Set the pictures aside and return each record below precisely as written.

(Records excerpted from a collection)
= = = =

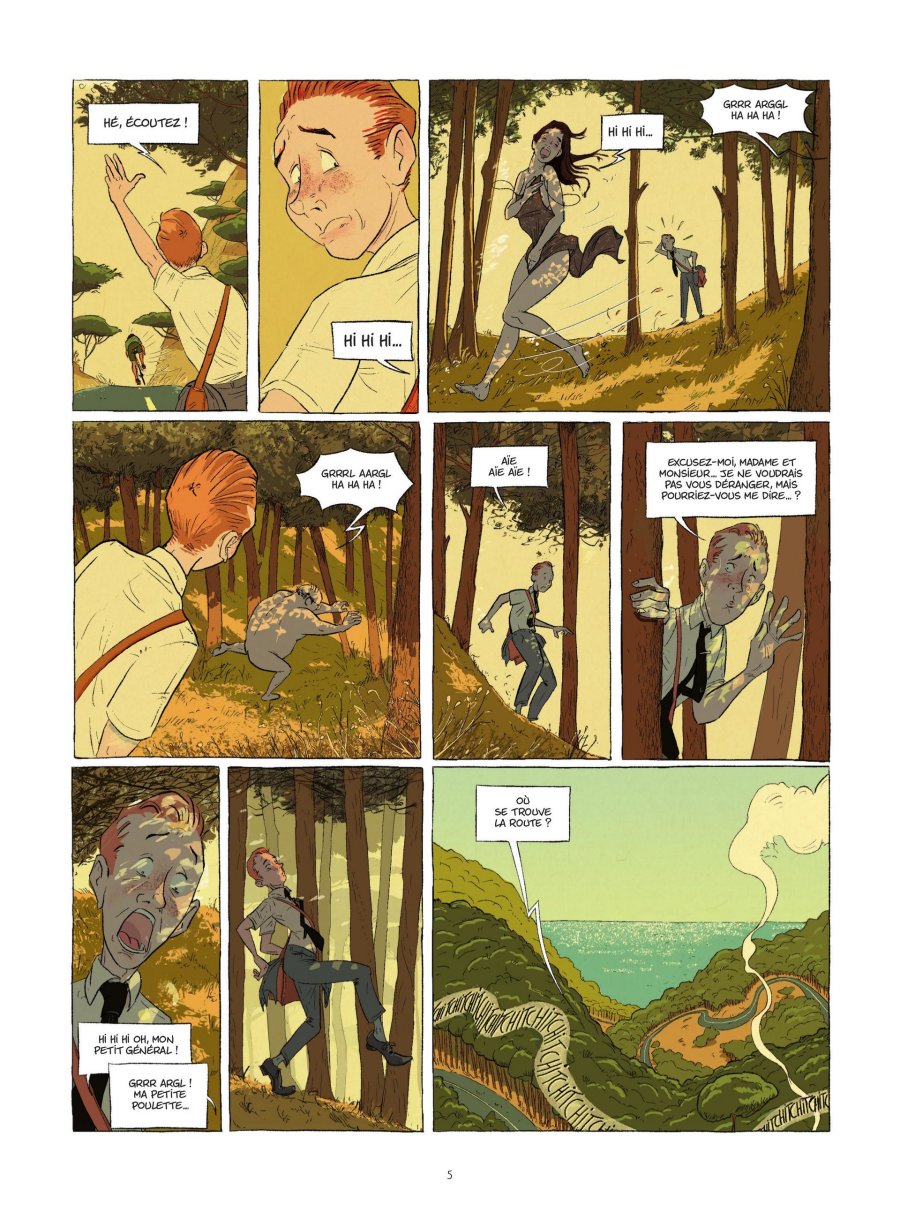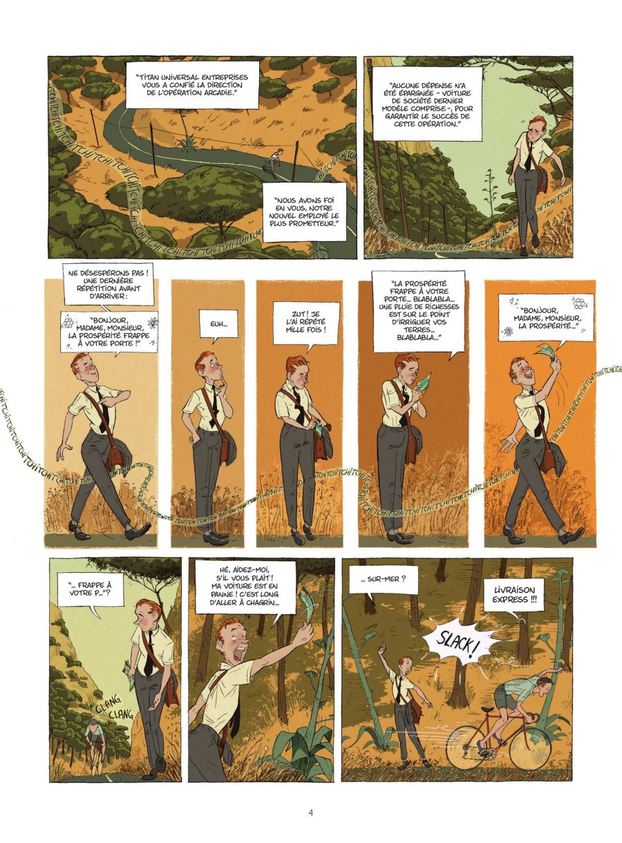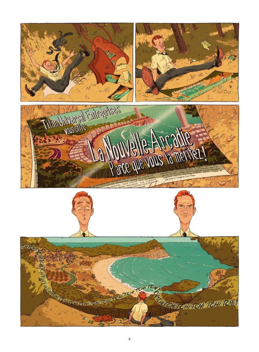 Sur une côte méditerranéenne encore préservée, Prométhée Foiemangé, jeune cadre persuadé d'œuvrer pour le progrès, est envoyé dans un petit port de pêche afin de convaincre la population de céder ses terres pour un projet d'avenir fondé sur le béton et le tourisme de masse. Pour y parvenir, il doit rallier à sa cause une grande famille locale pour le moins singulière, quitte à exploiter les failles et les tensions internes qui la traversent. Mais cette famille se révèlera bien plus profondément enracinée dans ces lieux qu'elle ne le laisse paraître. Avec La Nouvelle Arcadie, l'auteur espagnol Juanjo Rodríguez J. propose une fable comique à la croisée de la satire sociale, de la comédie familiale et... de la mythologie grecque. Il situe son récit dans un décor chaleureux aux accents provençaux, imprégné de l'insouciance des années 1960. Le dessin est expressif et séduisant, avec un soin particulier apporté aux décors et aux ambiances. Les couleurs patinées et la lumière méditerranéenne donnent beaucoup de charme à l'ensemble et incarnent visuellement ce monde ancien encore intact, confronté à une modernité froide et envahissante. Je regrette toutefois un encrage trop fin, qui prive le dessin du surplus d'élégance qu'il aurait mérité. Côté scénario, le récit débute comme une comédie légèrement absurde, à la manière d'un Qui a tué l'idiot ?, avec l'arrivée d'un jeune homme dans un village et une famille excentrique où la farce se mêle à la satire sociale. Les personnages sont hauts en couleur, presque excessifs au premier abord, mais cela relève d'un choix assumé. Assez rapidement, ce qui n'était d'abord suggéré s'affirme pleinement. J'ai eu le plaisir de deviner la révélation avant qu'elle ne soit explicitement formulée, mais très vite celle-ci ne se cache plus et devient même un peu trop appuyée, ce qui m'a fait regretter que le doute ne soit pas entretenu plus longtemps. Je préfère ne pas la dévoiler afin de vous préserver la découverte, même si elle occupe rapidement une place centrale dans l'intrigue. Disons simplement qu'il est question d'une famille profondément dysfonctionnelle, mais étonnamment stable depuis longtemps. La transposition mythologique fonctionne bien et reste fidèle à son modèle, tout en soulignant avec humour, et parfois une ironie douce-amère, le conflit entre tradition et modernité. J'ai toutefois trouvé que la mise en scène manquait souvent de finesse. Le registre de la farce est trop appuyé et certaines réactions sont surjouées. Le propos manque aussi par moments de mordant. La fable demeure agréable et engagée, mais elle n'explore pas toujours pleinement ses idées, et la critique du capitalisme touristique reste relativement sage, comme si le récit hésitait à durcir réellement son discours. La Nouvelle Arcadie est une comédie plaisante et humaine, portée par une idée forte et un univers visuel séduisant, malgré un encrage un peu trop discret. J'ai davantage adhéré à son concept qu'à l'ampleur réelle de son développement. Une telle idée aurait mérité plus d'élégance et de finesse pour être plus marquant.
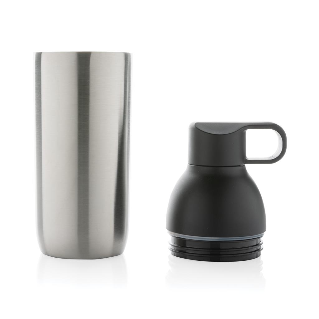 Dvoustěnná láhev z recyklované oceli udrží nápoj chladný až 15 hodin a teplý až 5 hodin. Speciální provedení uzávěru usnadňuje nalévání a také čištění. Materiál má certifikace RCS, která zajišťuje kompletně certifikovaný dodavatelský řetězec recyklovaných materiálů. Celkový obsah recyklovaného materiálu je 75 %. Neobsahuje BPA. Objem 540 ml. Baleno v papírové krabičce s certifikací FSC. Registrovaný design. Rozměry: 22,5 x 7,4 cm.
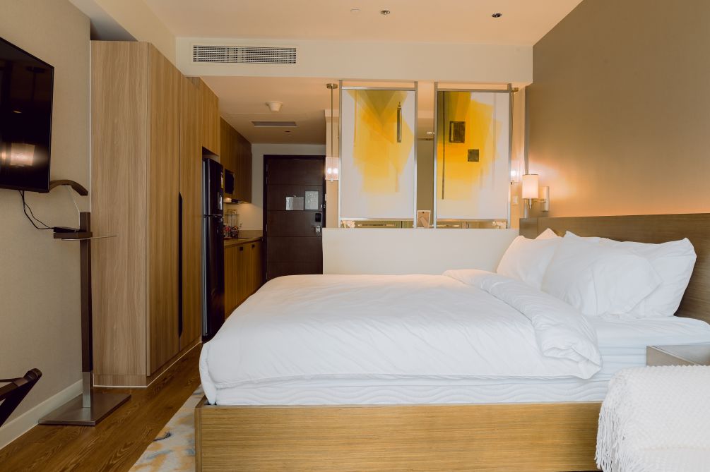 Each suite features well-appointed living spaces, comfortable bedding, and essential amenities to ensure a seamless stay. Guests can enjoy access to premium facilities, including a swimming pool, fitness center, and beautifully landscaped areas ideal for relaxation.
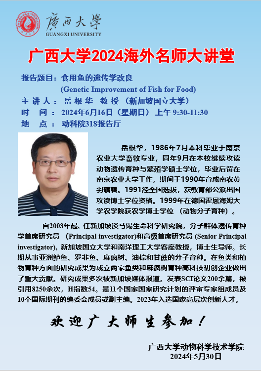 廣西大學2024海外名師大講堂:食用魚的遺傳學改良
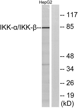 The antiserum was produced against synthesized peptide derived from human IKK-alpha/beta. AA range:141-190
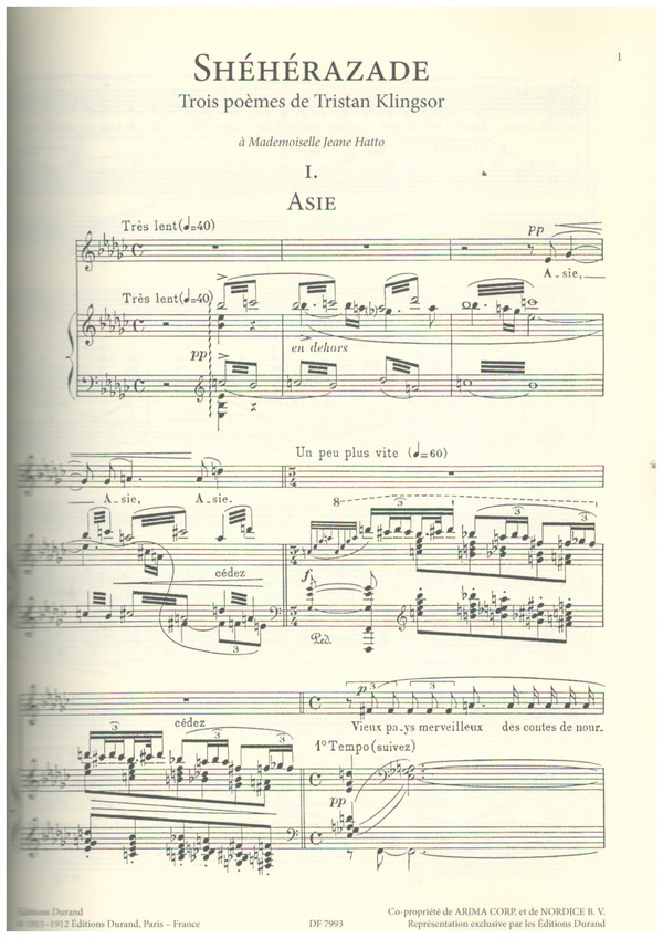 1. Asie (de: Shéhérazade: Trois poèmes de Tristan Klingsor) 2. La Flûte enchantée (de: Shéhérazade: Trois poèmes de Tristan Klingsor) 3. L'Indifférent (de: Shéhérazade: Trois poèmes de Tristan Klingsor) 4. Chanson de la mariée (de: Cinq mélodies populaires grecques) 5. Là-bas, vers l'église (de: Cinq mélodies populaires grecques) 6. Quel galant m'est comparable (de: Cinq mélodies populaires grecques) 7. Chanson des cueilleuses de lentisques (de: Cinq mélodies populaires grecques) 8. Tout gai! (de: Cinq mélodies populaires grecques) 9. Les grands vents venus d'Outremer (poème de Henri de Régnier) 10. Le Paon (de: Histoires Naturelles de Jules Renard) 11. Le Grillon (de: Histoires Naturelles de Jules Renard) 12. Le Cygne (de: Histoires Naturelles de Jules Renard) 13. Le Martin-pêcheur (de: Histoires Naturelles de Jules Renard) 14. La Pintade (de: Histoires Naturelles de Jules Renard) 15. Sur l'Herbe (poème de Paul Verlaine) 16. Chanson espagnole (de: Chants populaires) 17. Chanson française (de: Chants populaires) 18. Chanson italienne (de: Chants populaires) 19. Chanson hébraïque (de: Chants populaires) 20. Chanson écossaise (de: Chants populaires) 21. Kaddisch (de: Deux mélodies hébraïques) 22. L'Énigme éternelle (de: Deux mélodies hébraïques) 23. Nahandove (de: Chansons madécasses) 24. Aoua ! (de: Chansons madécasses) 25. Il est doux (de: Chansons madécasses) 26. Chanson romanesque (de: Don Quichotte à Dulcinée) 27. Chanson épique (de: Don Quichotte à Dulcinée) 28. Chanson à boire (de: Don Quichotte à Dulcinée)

= = = =

— Written answer —
 Sur une côte méditerranéenne encore préservée, Prométhée Foiemangé, jeune cadre persuadé d'œuvrer pour le progrès, est envoyé dans un petit port de pêche afin de convaincre la population de céder ses terres pour un projet d'avenir fondé sur le béton et le tourisme de masse. Pour y parvenir, il doit rallier à sa cause une grande famille locale pour le moins singulière, quitte à exploiter les failles et les tensions internes qui la traversent. Mais cette famille se révèlera bien plus profondément enracinée dans ces lieux qu'elle ne le laisse paraître. Avec La Nouvelle Arcadie, l'auteur espagnol Juanjo Rodríguez J. propose une fable comique à la croisée de la satire sociale, de la comédie familiale et... de la mythologie grecque. Il situe son récit dans un décor chaleureux aux accents provençaux, imprégné de l'insouciance des années 1960. Le dessin est expressif et séduisant, avec un soin particulier apporté aux décors et aux ambiances. Les couleurs patinées et la lumière méditerranéenne donnent beaucoup de charme à l'ensemble et incarnent visuellement ce monde ancien encore intact, confronté à une modernité froide et envahissante. Je regrette toutefois un encrage trop fin, qui prive le dessin du surplus d'élégance qu'il aurait mérité. Côté scénario, le récit débute comme une comédie légèrement absurde, à la manière d'un Qui a tué l'idiot ?, avec l'arrivée d'un jeune homme dans un village et une famille excentrique où la farce se mêle à la satire sociale. Les personnages sont hauts en couleur, presque excessifs au premier abord, mais cela relève d'un choix assumé. Assez rapidement, ce qui n'était d'abord suggéré s'affirme pleinement. J'ai eu le plaisir de deviner la révélation avant qu'elle ne soit explicitement formulée, mais très vite celle-ci ne se cache plus et devient même un peu trop appuyée, ce qui m'a fait regretter que le doute ne soit pas entretenu plus longtemps. Je préfère ne pas la dévoiler afin de vous préserver la découverte, même si elle occupe rapidement une place centrale dans l'intrigue. Disons simplement qu'il est question d'une famille profondément dysfonctionnelle, mais étonnamment stable depuis longtemps. La transposition mythologique fonctionne bien et reste fidèle à son modèle, tout en soulignant avec humour, et parfois une ironie douce-amère, le conflit entre tradition et modernité. J'ai toutefois trouvé que la mise en scène manquait souvent de finesse. Le registre de la farce est trop appuyé et certaines réactions sont surjouées. Le propos manque aussi par moments de mordant. La fable demeure agréable et engagée, mais elle n'explore pas toujours pleinement ses idées, et la critique du capitalisme touristique reste relativement sage, comme si le récit hésitait à durcir réellement son discours. La Nouvelle Arcadie est une comédie plaisante et humaine, portée par une idée forte et un univers visuel séduisant, malgré un encrage un peu trop discret. J'ai davantage adhéré à son concept qu'à l'ampleur réelle de son développement. Une telle idée aurait mérité plus d'élégance et de finesse pour être plus marquant.
 Dvoustěnná láhev z recyklované oceli udrží nápoj chladný až 15 hodin a teplý až 5 hodin. Speciální provedení uzávěru usnadňuje nalévání a také čištění. Materiál má certifikace RCS, která zajišťuje kompletně certifikovaný dodavatelský řetězec recyklovaných materiálů. Celkový obsah recyklovaného materiálu je 75 %. Neobsahuje BPA. Objem 540 ml. Baleno v papírové krabičce s certifikací FSC. Registrovaný design. Rozměry: 22,5 x 7,4 cm.
 Each suite features well-appointed living spaces, comfortable bedding, and essential amenities to ensure a seamless stay. Guests can enjoy access to premium facilities, including a swimming pool, fitness center, and beautifully landscaped areas ideal for relaxation.
 廣西大學2024海外名師大講堂:食用魚的遺傳學改良
 The antiserum was produced against synthesized peptide derived from human IKK-alpha/beta. AA range:141-190
 1. Asie (de: Shéhérazade: Trois poèmes de Tristan Klingsor) 2. La Flûte enchantée (de: Shéhérazade: Trois poèmes de Tristan Klingsor) 3. L'Indifférent (de: Shéhérazade: Trois poèmes de Tristan Klingsor) 4. Chanson de la mariée (de: Cinq mélodies populaires grecques) 5. Là-bas, vers l'église (de: Cinq mélodies populaires grecques) 6. Quel galant m'est comparable (de: Cinq mélodies populaires grecques) 7. Chanson des cueilleuses de lentisques (de: Cinq mélodies populaires grecques) 8. Tout gai! (de: Cinq mélodies populaires grecques) 9. Les grands vents venus d'Outremer (poème de Henri de Régnier) 10. Le Paon (de: Histoires Naturelles de Jules Renard) 11. Le Grillon (de: Histoires Naturelles de Jules Renard) 12. Le Cygne (de: Histoires Naturelles de Jules Renard) 13. Le Martin-pêcheur (de: Histoires Naturelles de Jules Renard) 14. La Pintade (de: Histoires Naturelles de Jules Renard) 15. Sur l'Herbe (poème de Paul Verlaine) 16. Chanson espagnole (de: Chants populaires) 17. Chanson française (de: Chants populaires) 18. Chanson italienne (de: Chants populaires) 19. Chanson hébraïque (de: Chants populaires) 20. Chanson écossaise (de: Chants populaires) 21. Kaddisch (de: Deux mélodies hébraïques) 22. L'Énigme éternelle (de: Deux mélodies hébraïques) 23. Nahandove (de: Chansons madécasses) 24. Aoua ! (de: Chansons madécasses) 25. Il est doux (de: Chansons madécasses) 26. Chanson romanesque (de: Don Quichotte à Dulcinée) 27. Chanson épique (de: Don Quichotte à Dulcinée) 28. Chanson à boire (de: Don Quichotte à Dulcinée)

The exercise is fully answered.